Через ровно пять минут, впрочем – опять уже, пихаясь и хохоча – они обсуждали реакцию массовки съезда на Сахаровский декрет о власти.
И Елена, уже в какой раз, подумала: «Как странно представить, какой припадок с Дьюрькой случился бы, прознай он, хоть намеком, про то, что произошло у меня с Семеном: ничего кроме глупого, детского, смешка от Дьюрьки я бы не услышала».
Рассказать о драме с Семеном безгрешной Анюте – значило бы рискнуть из подслеповатой любимой подруги сделать еще и глухую и немую. Более чем достаточно было того, что Ане, в отличие от Дьюрьки, Елена без ущерба, без риска себя ранить, могла, наворачивая сжиженное фиолетоватое (из-за какого-то химического соуса) мороженое, рассказать какое-нибудь понравившееся, красивое место из книги, – и Аня чопорно, насупившись, ее выслушивала, а потом говорила: «Да, это красиво». И это уже, на внутренних весах Елены, было очень и очень много.

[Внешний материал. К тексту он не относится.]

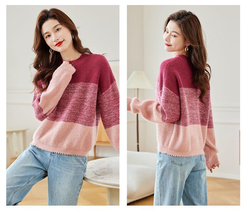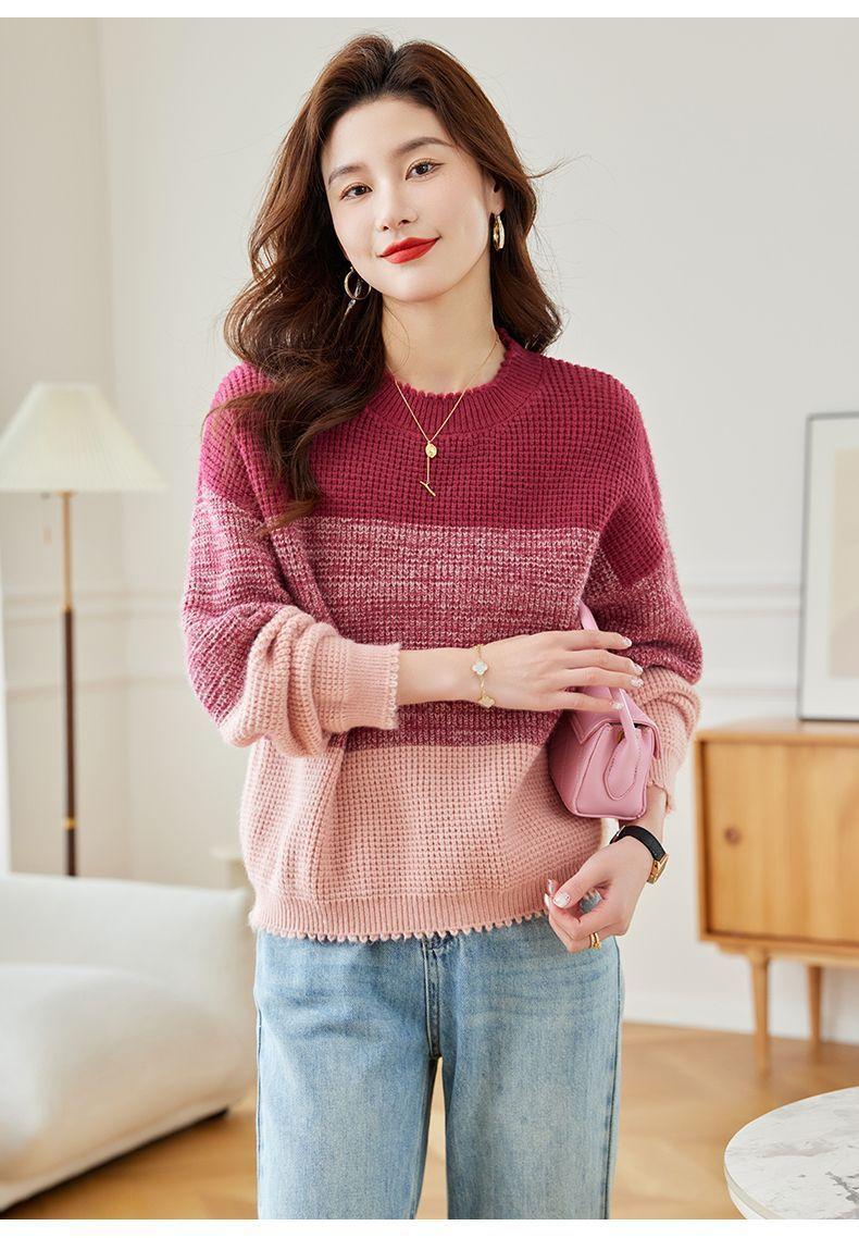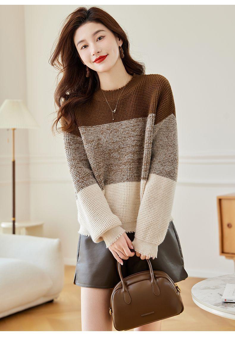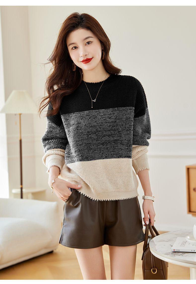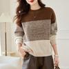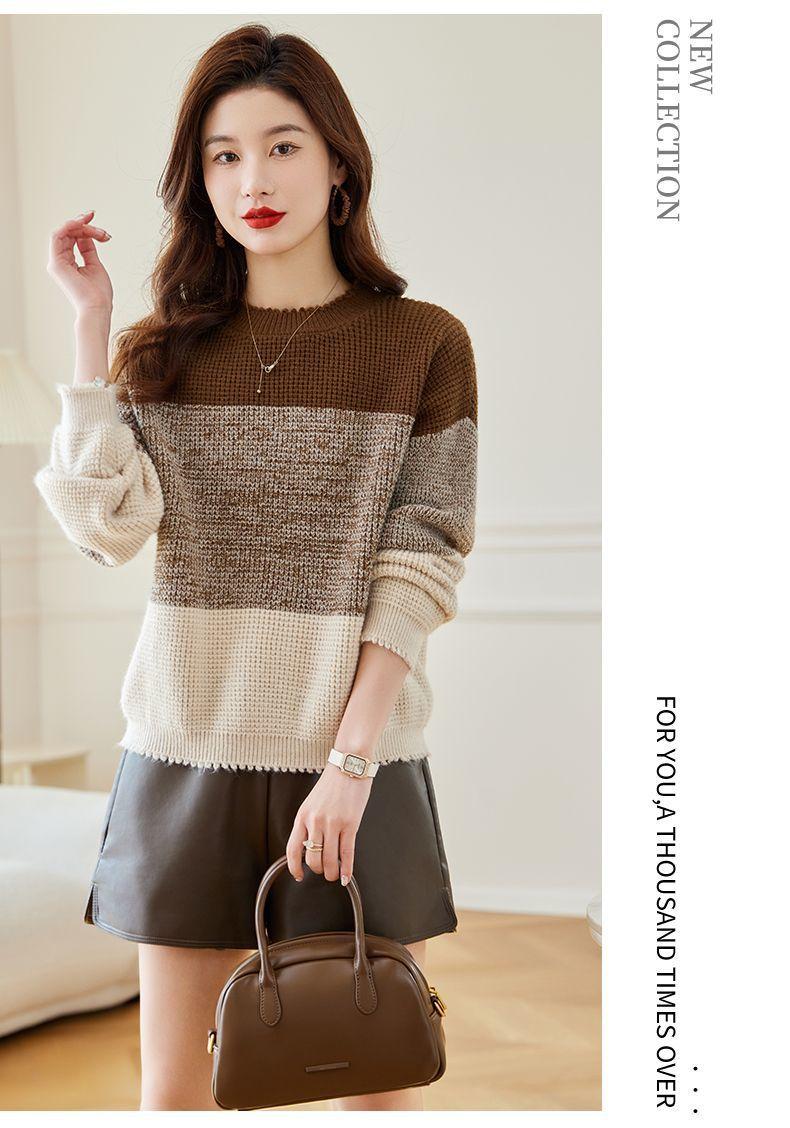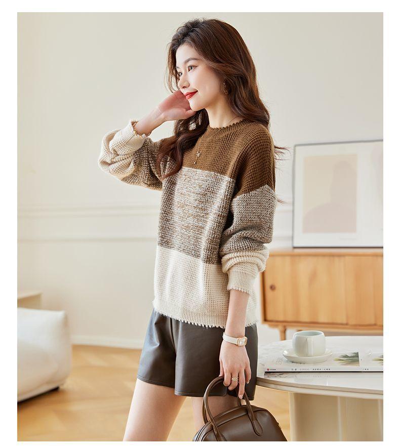 Suéter de Estambre Floral a Rayas de Color Contrastante para Mujer Otoño e Invierno 24 Nuevo Estilo Coreano Estilo Lazy Holgado Talla Grande Suéter con Camisa Interior
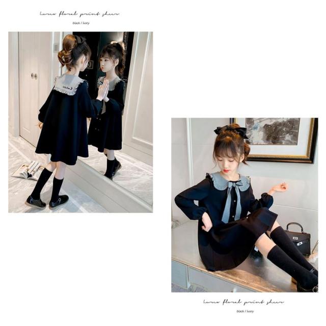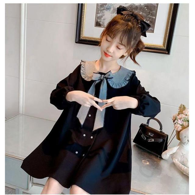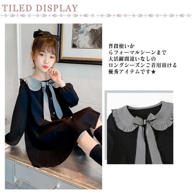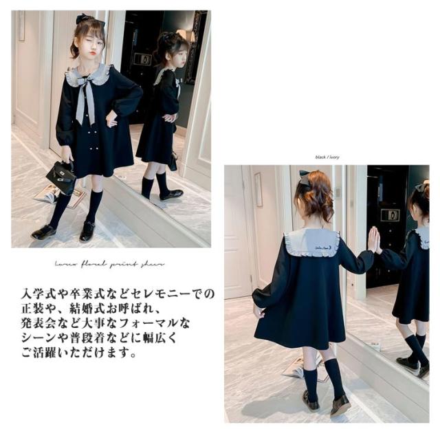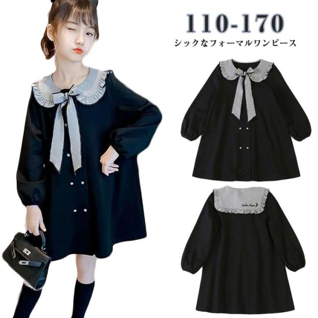 ワンピース かわいい 卒業式 入園式 110 ひざ丈 170 女の子 リボン付き 長袖 発表会 七五三 入学式 学院風 襟 子供服 女の子 卒園式 120 130 140 150 160 発表会 プルオーバー ボタン ワンピース キッズ用 可愛い 大きいサイズ
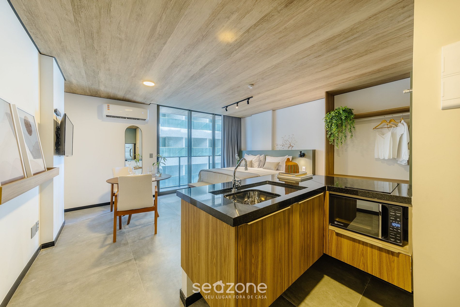 Studio moderno com vista lateral pro mar, cama queen, ar-condicionado, smart TV, cozinha equipada e varanda acolhedora. No prédio: piscina, academia, salão de jogos e brinquedoteca. A poucos passos da Praia da Pajuçara e perto de tudo: restaurantes, mercado, da feirinha de artesanato e pontos turísticos.
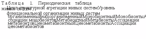 турная агрегация живых систем явилась стержнем их закономерного циклического развития и послужила основой периодических явлений в их эволюционном функционально-структурном усложнении. В схематической форме периодический характер эволюционного развития живых систем показан в виде периодической таблицы, которая объединяет все существующие варианты живых систем.

С Эммой Эрдман говорить по душам было в последнее время еще более рискованно – как-то раз, месяц, что ли, назад, столкнувшись с ней, когда выбегала на выставку – встречаться Семеном, Елена имела глупость обмолвиться, что ее пригласил на выставку ее университетский преподаватель; замученная, бледная Эмма с натужной веселостью сказала: «Ничего себе, Ленка! Знай наших!» – и после этого «знай наших» Елена до сих пор проклинала себя за это свое неосторожное откровение – и очень боялась, что Эмма что-то бестактно переспросит – и чувство было, как будто сама же себе харкнула в душу.

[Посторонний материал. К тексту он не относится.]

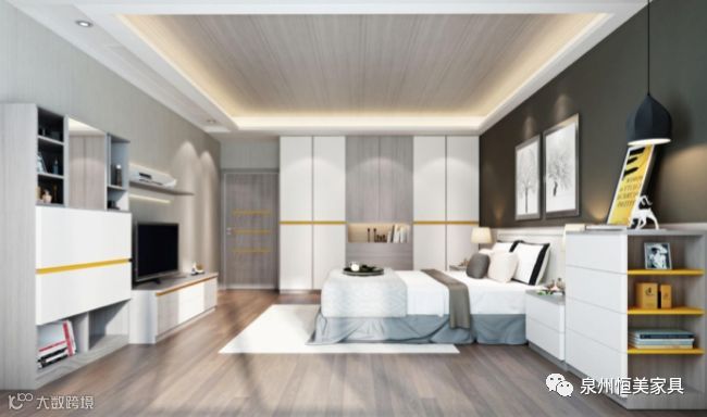 直纹橡木+亮光UV门板;门板采用斜切封边工艺,无拉手回弹设计,时尚潮流
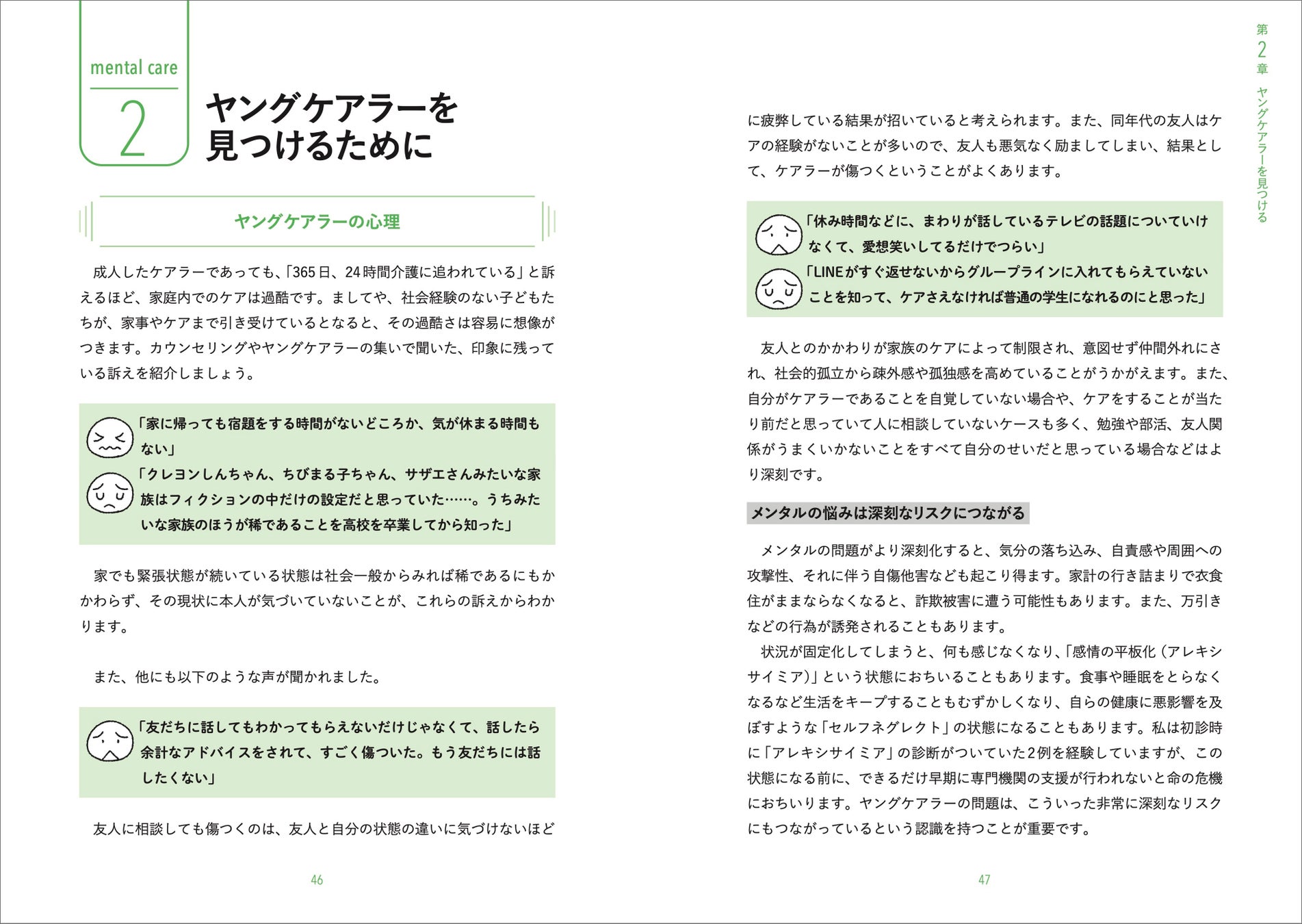 - 第2章では、ヤングケアラーの特徴や国内の支援動向、身近なケアラーに気づくポイントなどを解説。
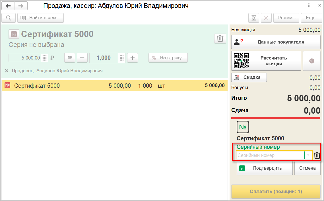 Для заполнения дополнительной информации, например номера серии или суммы сертификата, автоматически активируется необходимое поле для ввода.
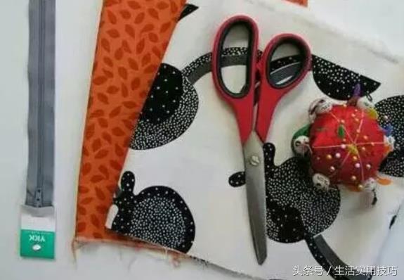 然后将拉链放在里布和面子布的中间缝制好。如图:
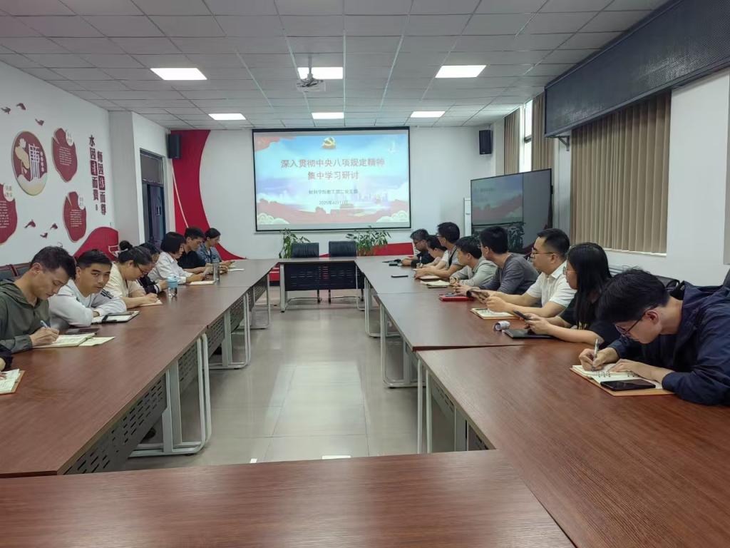 4月17日,材料学院教工第二党支部于教5楼305会议室开展深入贯彻中央八项规定精神学习专题研讨,党总支全体党员围绕深入贯彻中央八项规定及其实施细则精神进行学习交流。材料学院党委书记于明华参加会议。材料学院教工第二党支部书记丁海主持会议。
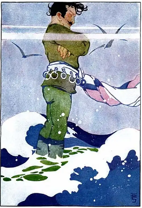 But Tonto, with the chest upon his back, hurried off to the deep woods and buried the chest under an oak tree, then, standing beside the oak tree, pretending to be its cousin, he thought and thought and thought how he could marry the Princess. For ten whole days and nights he thought and, at the end of the tenth night, he had come to the conclusion that he could only marry her by ceasing to be a giant. For nineteen days more he pondered upon this puzzling question, but on the night of the nineteenth day he strode quickly over the hills and dales until he had come down to the sea. He waded in, and when the water rose higher than his head he began swimming with all his might. On and on he plowed, faster than the fastest steamboat in the world till he came to the very centre of the sea.
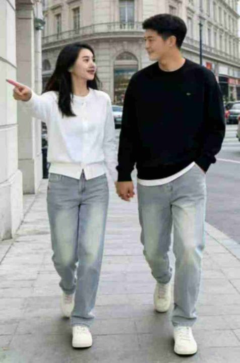 春夏季新款高弹力洗水棉网红复古浅蓝色男女同款牛仔老爹裤,独立包装带吊牌...
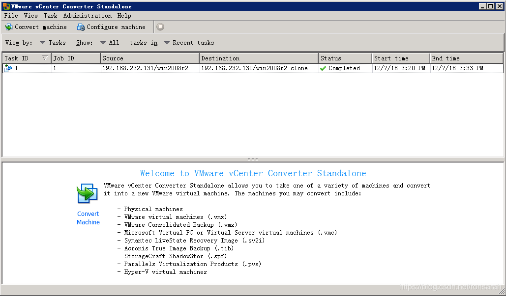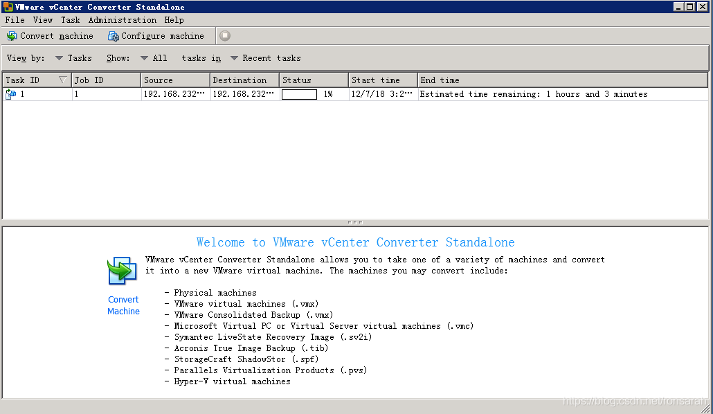打开VMware vCenter Converter Standalone,点击“Convert machine”按钮,如下图:

Лада, которую Елена встречала у подъезда регулярно, – томно, без спросу принималась рассказывать о каком-то фарцовщике, с которым у нее роман.
И любых личных разговоров Лады Елена боялась как порции отравы.
Словом, как-то так получилось, что из всех друзей, Крутаков стал-таки единственным, кому Елена душу изрыдать все-таки смогла. Несмотря на то, что рана в сердце была обезврежена, а жало извлечено – боль, подспудная, дававшая себя знать в самые неожиданные моменты, из-за самых глупых ассоциаций, все равно, где-то на донце сердца, до сих пор саднила. Крутаков (по ее внезапному заледеневшему молчанию в разговорах) прекрасно это чувствовал – и делал все, чтобы только Елену, во время их встреч, развлечь, сбить с этих подспудных, болью ее пронзающих, мыслей. Другом Крутаков оказался действительно потрясающим: хотя в прежние месяцы нет-нет да гащивала у него какая-то меланхолия – тут, как только он почувствовал, что Елене и вправду нужна его дружеская помощь, – ни от какой Крутаковской меланхолической хвори не осталось и следа.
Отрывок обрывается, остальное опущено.